泡沫の恋は儚く揺れる~愛した君がすべてだから~
無意識の優しさ
紗良は悩んでいた。

「うーん……」

仕事中だというのにときどき眉間にしわを寄せて、思いつめたように唸る。

「紗良ちゃんお昼いこーって、どした?」

お昼休みに突入しても自席でうんうん唸っている紗良に、同僚の依美が不思議そうに声をかける。

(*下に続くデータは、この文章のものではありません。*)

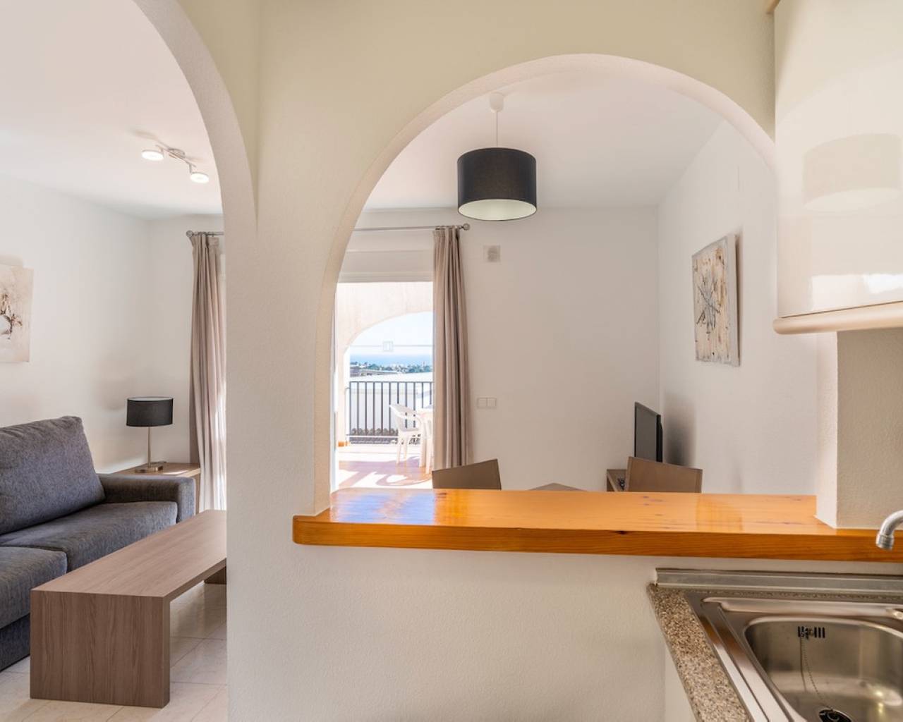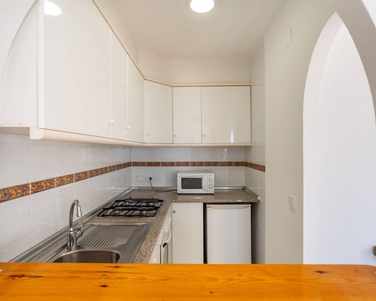Se vende bungalow con vistas panorámicas al mar en Calpe. Este bungalow está situado en un complejo con servicios a solo 4 minutos en coche del centro de Calpe y sus hermosas playas de arena. A través de un corto camino se llega a la entrada del bungalow, una vez abierta la puerta se accede a un vestíbulo. A la derecha encontramos el dormitorio doble con armarios empotrados y el cuarto de baño familiar. Más adelante, seguimos recto y llegamos al salón-comedor diáfano con una cocina totalmente equipada adyacente. Se accede al balcón a través de puertas de cristal y aquí se puede disfrutar del sol durante todo el día y todo el año gracias a su orientación sur. El espacio perfecto para relajarse y disfrutar de las tardes contemplando el Peñón de Ifach y el mar. Y por la escalera de caracol llegamos al solárium, una segunda terraza donde se puede disfrutar con total privacidad del precioso horizonte mediterráneo. El complejo vacacional ofrece fabulosas instalaciones comunes para su disfrute, incluyendo varias piscinas y hermosos jardines. CARACTERÍSTICAS PRINCIPALES: Vistas panorámicas al marOrientación surAire acondicionado (frío y calor) Fantásticas piscinas y jardines comunitariosBalcón con vistas al marVentanas con doble acristalamiento y persianasCCTV y conserjeComplejo cerrado Este bungalow es la propiedad ideal para pasar sus vacaciones en la Costa Blanca y también podría ser una gran inversión para alquilar.

「ねえ依美ちゃん、男の人にお礼するときって何を渡したらいいと思う?」

「え、どうしたの、急に。はっ! もしかしてついに紗良ちゃんにも春が来た?」

ニヨニヨと楽し気な笑みを浮かべられ、紗良は慌てて否定する。

「違う違う。そんなんじゃなくて」

「えー、本当にぃ?」

「ちょっとお世話になっただけで。海斗にコンビニスイーツいっぱい買ってもらっちゃったから、何かお礼した方がいいよなーって思っただけで」

「ほーん」

「本当だってば」

「コンビニスイーツごときでお礼だなんて、紗良ちゃんって律儀なのね」

「だって、貰いっぱなしじゃなんだか落ち着かないんだもん」

それに、父の日の似顔絵を受け取ってもらうためにわざわざ近くのコンビニまで来てくれた。
さすがにこの事は依美には言えないけれど。
でも何かお礼をすべきだと思うのだ。